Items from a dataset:
■ ■ ■ ■

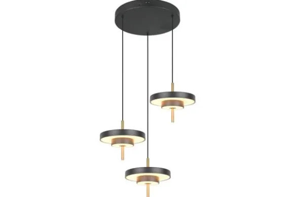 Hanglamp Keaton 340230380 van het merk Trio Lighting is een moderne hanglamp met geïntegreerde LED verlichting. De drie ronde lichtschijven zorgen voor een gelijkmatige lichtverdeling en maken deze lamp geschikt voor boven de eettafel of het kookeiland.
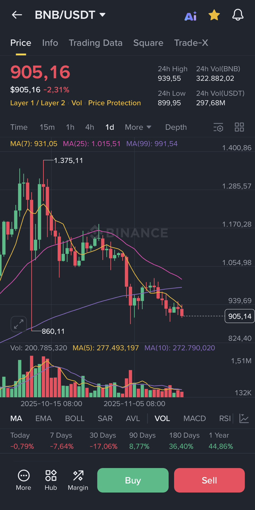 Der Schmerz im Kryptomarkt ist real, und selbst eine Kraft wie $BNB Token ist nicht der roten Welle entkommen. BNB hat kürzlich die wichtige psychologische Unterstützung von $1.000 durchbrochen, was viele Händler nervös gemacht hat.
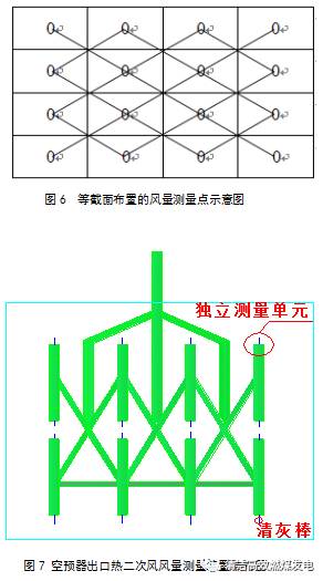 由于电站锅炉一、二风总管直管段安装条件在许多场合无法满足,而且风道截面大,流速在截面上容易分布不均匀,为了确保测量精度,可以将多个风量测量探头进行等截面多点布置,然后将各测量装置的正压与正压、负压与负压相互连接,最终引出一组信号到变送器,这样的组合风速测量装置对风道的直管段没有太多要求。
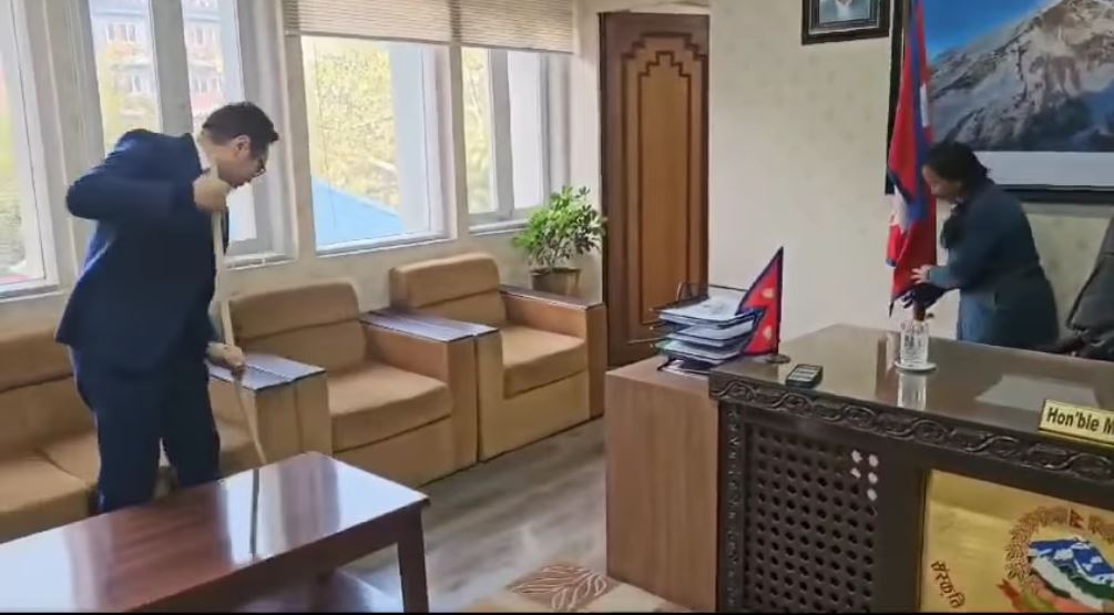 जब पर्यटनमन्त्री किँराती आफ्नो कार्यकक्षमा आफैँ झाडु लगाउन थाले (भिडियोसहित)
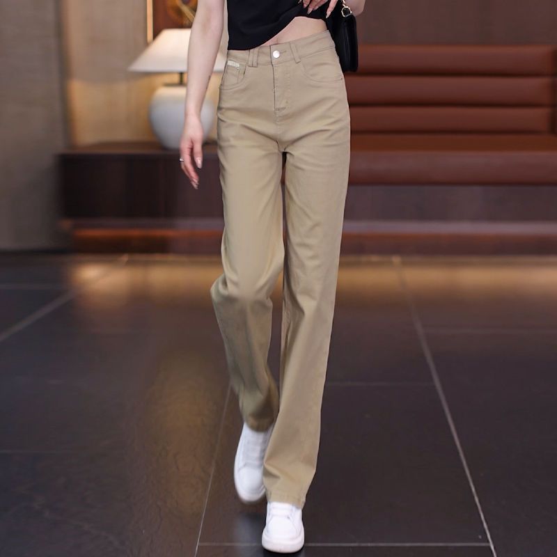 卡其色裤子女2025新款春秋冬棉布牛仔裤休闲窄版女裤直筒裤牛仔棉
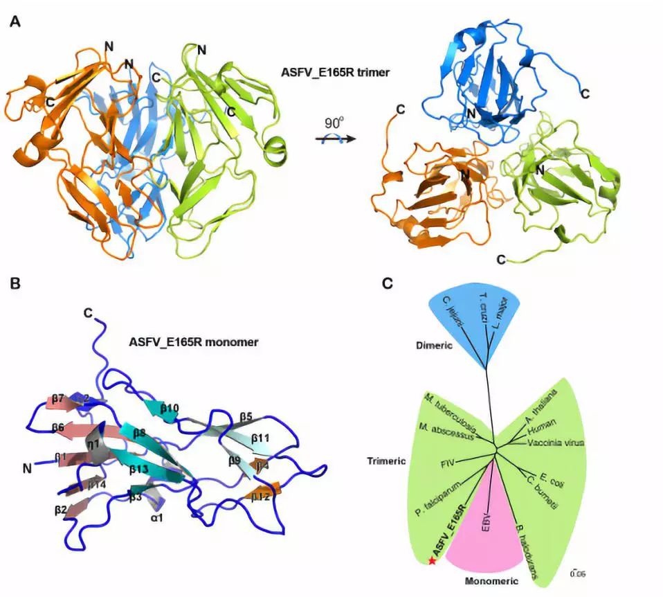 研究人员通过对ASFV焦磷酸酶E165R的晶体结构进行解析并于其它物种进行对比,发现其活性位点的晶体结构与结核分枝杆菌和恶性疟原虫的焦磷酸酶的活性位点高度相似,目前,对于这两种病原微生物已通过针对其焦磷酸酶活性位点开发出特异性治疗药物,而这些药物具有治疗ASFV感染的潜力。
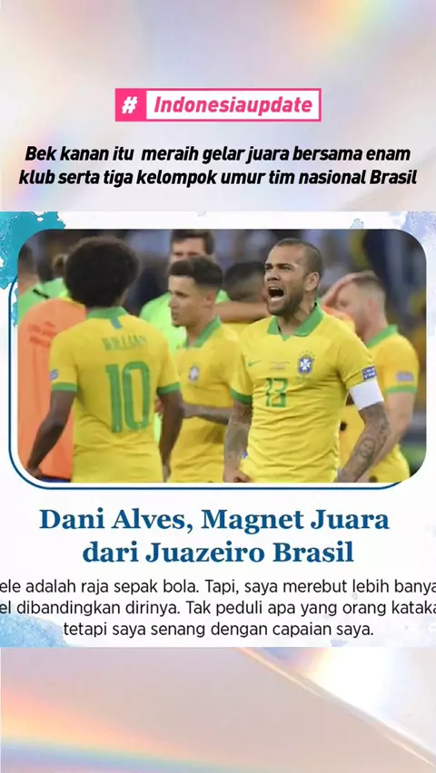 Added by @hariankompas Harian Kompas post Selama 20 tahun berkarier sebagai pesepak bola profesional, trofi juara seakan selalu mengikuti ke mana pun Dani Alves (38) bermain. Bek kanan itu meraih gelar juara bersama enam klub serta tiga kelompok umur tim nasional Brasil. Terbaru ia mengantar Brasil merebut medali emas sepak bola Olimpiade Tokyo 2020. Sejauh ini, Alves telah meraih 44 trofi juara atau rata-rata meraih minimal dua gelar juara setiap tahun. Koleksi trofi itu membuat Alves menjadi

■ ■ ■ ■

## WHAT TO PRODUCE
The entries above need to be repeated word for word, minus their pictures.

## ANSWER BOX
 Hanglamp Keaton 340230380 van het merk Trio Lighting is een moderne hanglamp met geïntegreerde LED verlichting. De drie ronde lichtschijven zorgen voor een gelijkmatige lichtverdeling en maken deze lamp geschikt voor boven de eettafel of het kookeiland.
 Der Schmerz im Kryptomarkt ist real, und selbst eine Kraft wie $BNB Token ist nicht der roten Welle entkommen. BNB hat kürzlich die wichtige psychologische Unterstützung von $1.000 durchbrochen, was viele Händler nervös gemacht hat.
 由于电站锅炉一、二风总管直管段安装条件在许多场合无法满足,而且风道截面大,流速在截面上容易分布不均匀,为了确保测量精度,可以将多个风量测量探头进行等截面多点布置,然后将各测量装置的正压与正压、负压与负压相互连接,最终引出一组信号到变送器,这样的组合风速测量装置对风道的直管段没有太多要求。
 जब पर्यटनमन्त्री किँराती आफ्नो कार्यकक्षमा आफैँ झाडु लगाउन थाले (भिडियोसहित)
 卡其色裤子女2025新款春秋冬棉布牛仔裤休闲窄版女裤直筒裤牛仔棉
 研究人员通过对ASFV焦磷酸酶E165R的晶体结构进行解析并于其它物种进行对比,发现其活性位点的晶体结构与结核分枝杆菌和恶性疟原虫的焦磷酸酶的活性位点高度相似,目前,对于这两种病原微生物已通过针对其焦磷酸酶活性位点开发出特异性治疗药物,而这些药物具有治疗ASFV感染的潜力。
 Added by @hariankompas Harian Kompas post Selama 20 tahun berkarier sebagai pesepak bola profesional, trofi juara seakan selalu mengikuti ke mana pun Dani Alves (38) bermain. Bek kanan itu meraih gelar juara bersama enam klub serta tiga kelompok umur tim nasional Brasil. Terbaru ia mengantar Brasil merebut medali emas sepak bola Olimpiade Tokyo 2020. Sejauh ini, Alves telah meraih 44 trofi juara atau rata-rata meraih minimal dua gelar juara setiap tahun. Koleksi trofi itu membuat Alves menjadi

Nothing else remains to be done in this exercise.